A primary concern was whether an effective well control method could be defined for a system containing the many different density fluids and different flow paths inherent with a riser gas-lift system. The specific concerns addressed were kick detection, cessation of formation feed-in and removal of kick fluids with a constant bottomhole pressure method. These concerns were studied using a transient multiphase simulator. The validity of using the simulator to study this system was confirmed by comparison to transient multiphase flow data from a test well.

Conventional kick detection methods relying on the pit gain and return flow rate were concluded to be effective. However, a flow check to determine if a kick is in progress is not possible. Two alternatives for stopping formation flow were considered, a “load-up” method of reducing the nitrogen rate vs. closing a subsea blowout preventer (BOP). BOP closure was shown to be faster and more reliable for stopping flow and minimizing kick volume.

Figure 4 shows the results from an example simulation of well control with riser gas lift. In this case, the well was shut in with the BOP, and then the kick fluids were circulated out through the choke line and a surface choke using essentially conventional methods. Based on simulations like this of several different alternatives, it was concluded that methods using a choke with returns up the choke line were simpler and more effective than alternatives with returns up the riser and using nitrogen rate adjustments to control wellbore pressure.
Bottomhole pressure was maintained relatively constant, using only choke adjustments and no variation in the nitrogen injection rate, which should indicate that successful well control in the field would be relatively straightforward.

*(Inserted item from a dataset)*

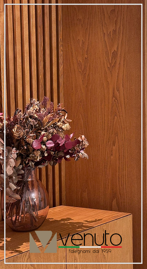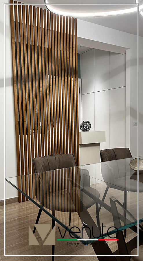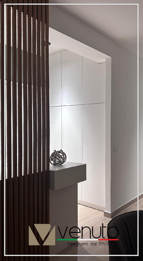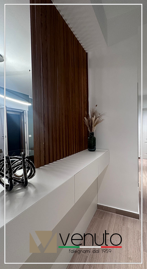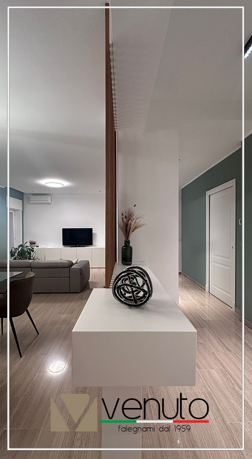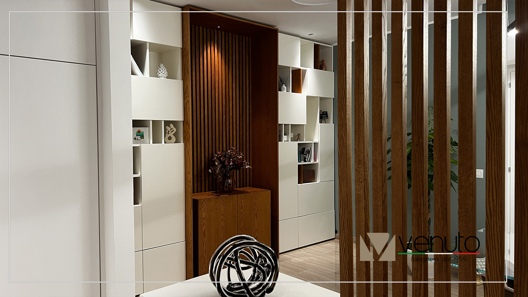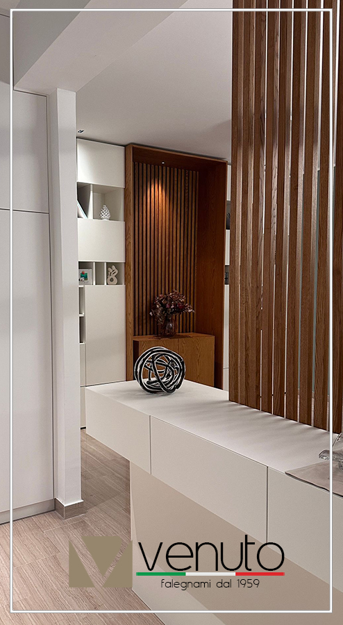 Proprio in considerazione della centralità di tale ambiente, L’obiettivo del progetto era di creare un ambiente intensamente armonioso, ospitale e accogliente, ma anche molto ricercato dal punto di vista estetico. Lo spazio risulta quindi essere elegante ma non algido, lineare ma sempre confortevole, magari addirittura strutturato in modo modulare così da presentarsi multifunzionale. L'accostamento del laccato con l'essenza di frassino mielato, conferisce al progetto una personalità e uno stile ricercato in ogni suo dettaglio. L'ingresso con l'effetto dogato in frassino massello e un mobile contenitore accoglie in maniera elegante nella parte centrale della casa. La grande libreria con moduli contenitivi e moduli aperti e la parte centrale dogata integra un mobile bar anch'esso in frassino movibile. La madia contenitiva nella zona relax è completata da un copritermosifone in legno integrato con il mobile.

However, the variation in bottomhole pressure was larger than typically desired, for two reasons: 1) There is always a gas phase in the choke line, which makes the effect of a surface choke pressure adjustment less predictable than for a system that has liquid in the choke lines (Using a remote-controlled seafloor choke upstream of the choke line could alleviate this); and 2) The simulator runs only in a batch mode, which prevents simple or quick correction of choke pressure and requires rerunning the simulation each time a wrong adjustment in choke pressure is made. Consequently, it is difficult and time-consuming to get simulations with exactly the desired results, and those shown were deemed acceptable for the purpose of showing system feasibility.

There are some differences vs. conventional well control. Nitrogen injection into the base of the choke line lowers wellhead pressure, which alleviates the concerns relating to excessive bottomhole pressure because of choke line friction that occurs in conventional well control. One additional item of equipment vs. that in a conventional system also would be desirable. Use of a drillstring valve that has been developed for use with the subsea mudlift drilling system would prevent excessive bottomhole pressure when the well is on choke and the drillstring filled with heavy wellbore mud.

Conclusion

Riser gas lift is operationally feasible. Overall, well control with a riser gas-lift approach to dual-density drilling should be practical using essentially conventional methods.